E così, nemmeno vent’anni dopo il girovagare di West per le strade di Exposition Park, l’arrivo dal Michigan di Earvin ‘Magic’ Johnson - prima scelta assoluta al draft del 1979 - segnava l’inizio di una nuova era. Un’era di colori, suoni, sensazioni e percezioni che non c’erano stati prima e non ci sarebbero stati poi; un’era di “musica alta, seni prosperosi, urla adoranti, tifosi agghindati di tutto punto”; un’era di basket spettacolare, veloce, diretto, immediato, ma anche di rivalità feroci e di personalità ingombranti e ingestibili; un’era di eccessi, di genio e sregolatezza, di luci e ombre, di cadute e risalite, di morti e resurrezioni, non tanto e non solo sportive; un’era che poteva essere possibile solo a Los Angeles e solo negli anni Ottanta. L’era dello Showtime.

E Showtime è anche il titolo del libro di Jeff Pearlman, scrittore e giornalista per Sports Illustrated, Newsday e non solo, che ripercorre un decennio unico e irripetibile interrottosi bruscamente il 7 novembre 1991 quando lo stesso Magic Johnson annunciò al mondo di essere sieropositivo e, per questo, di essere costretto a ritirarsi dal basket con lo Showtime “che se ne andò insieme a lui”. Pubblicato per la prima volta nel 2014 dalla Gotham Books, l’edizione italiana è curata dalla casa editrice 66thand2nd - traduzione dell’ottimo Lorenzo Vetta - che ne ha fatto il volume numero 54 della sua celebre collana Vite inattese dedicata ai grandi personaggi dello sport.

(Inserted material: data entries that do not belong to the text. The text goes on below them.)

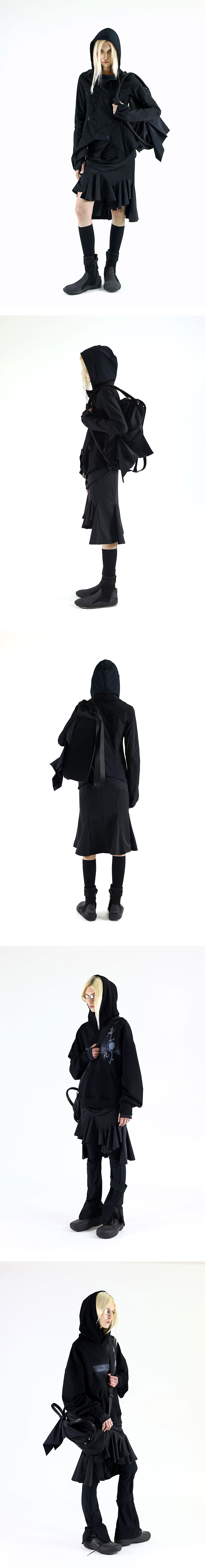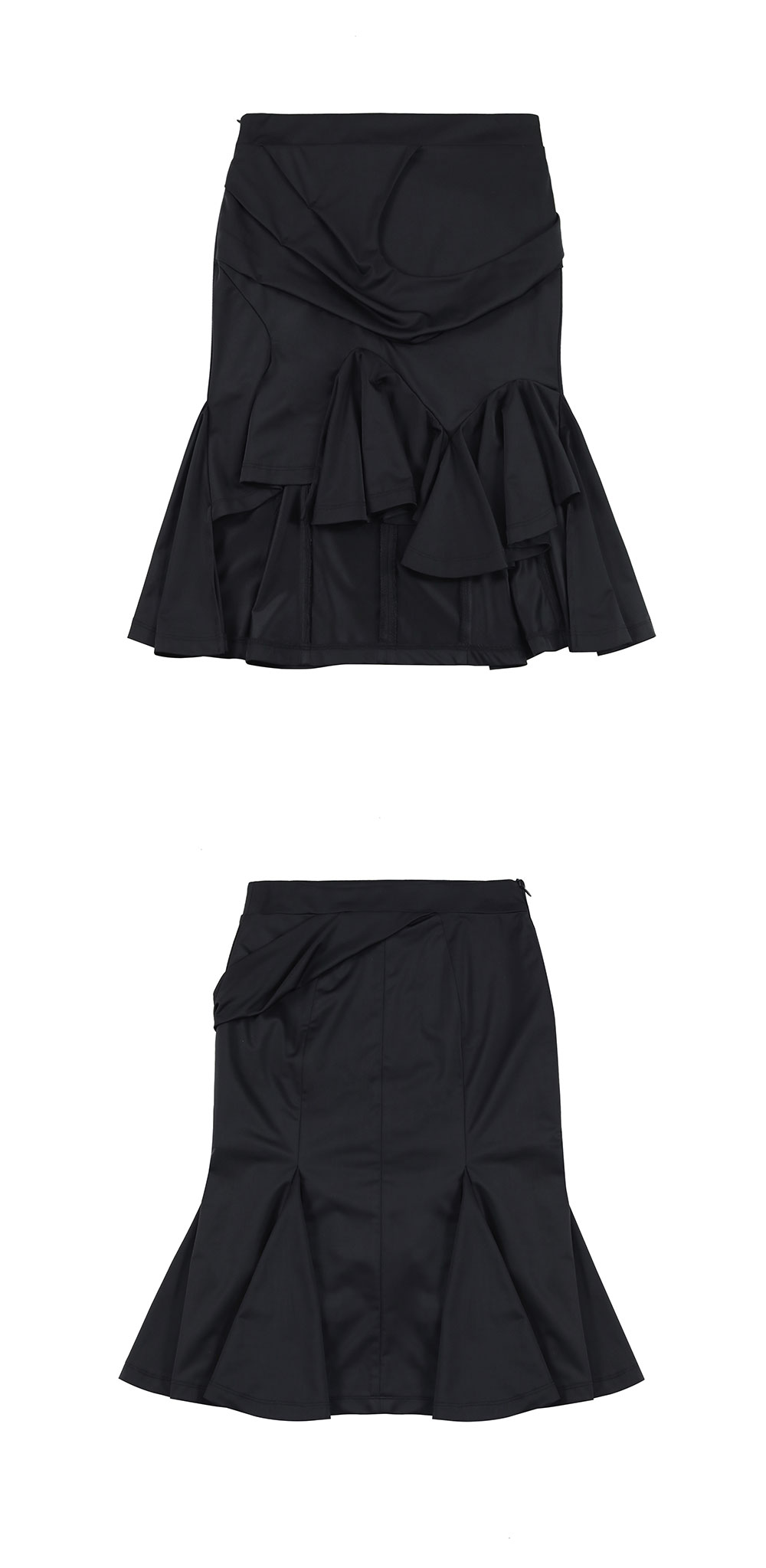 트리코트 스트레치 소재의 플레어 스커트. 드레이프 레이어링 패널 디테일. 비대칭 플레어 밑단 디자인. 고신축 TR스판 속치마 내장.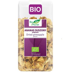 SKŁADNIKI ekologiczny ananas suszony 100 %. OPIS Ekologiczne suszone krążki ananasa to doskonała samodzielna przekąska. Polecamy również jako dodatek do słodkich sałatek, sosów bakaliowych, deserów i kotajli. WARTOŚĆ ODŻYWCZA W 100 g Wartość energetyczna 1366 kJ/323 kcalTłuszcz 0,6 gw tym kwasy tłuszczowe nasycone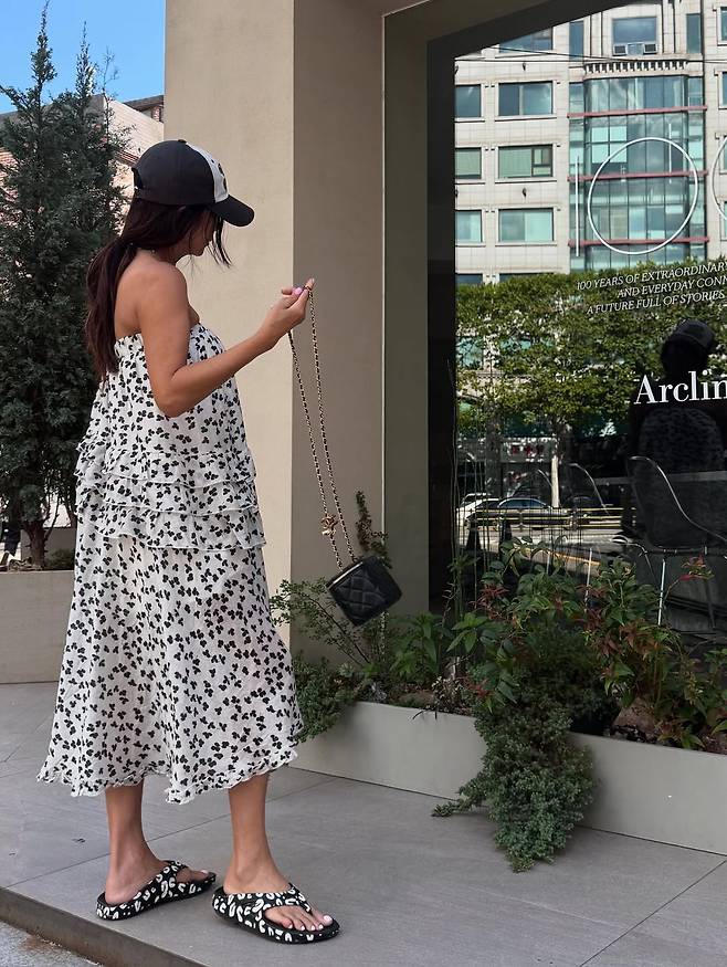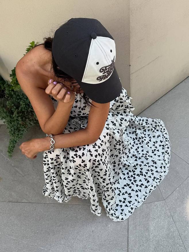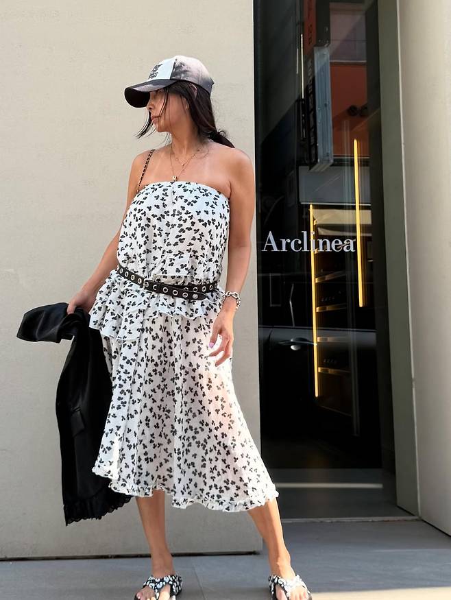 여성스러운 패턴의 의상에 펑키한 스터드 벨트와 스포티한 볼캡을 믹스매치해 독보적인 ‘황신혜표’ 스타일을 완성했다.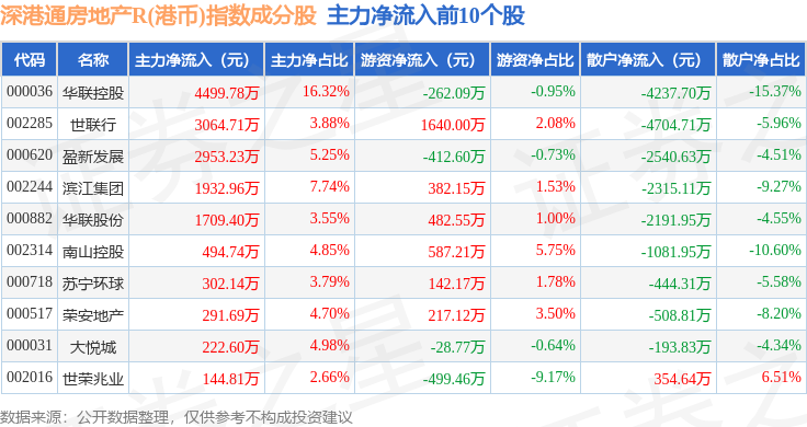 资金流向方面,深港通房地产R(港币)(483072)指数成份股当日主力资金净流出合计1.55亿元,游资资金净流入合计7709.26万元,散户资金净流入合计7819.95万元。成份股资金流向详情见下表:

E, in effetti, considerare quei Lakers - capaci di vincere cinque titoli e di raggiungere nove finali (di cui quattro consecutive tra il 1981 e il 1985) in undici anni - come un’entità unica e indivisibile è forse l’unico modo possibile per mettere ordine in tutte le vicende umane e sportive che hanno contribuito ad alimentarne la leggenda individuale e collettiva.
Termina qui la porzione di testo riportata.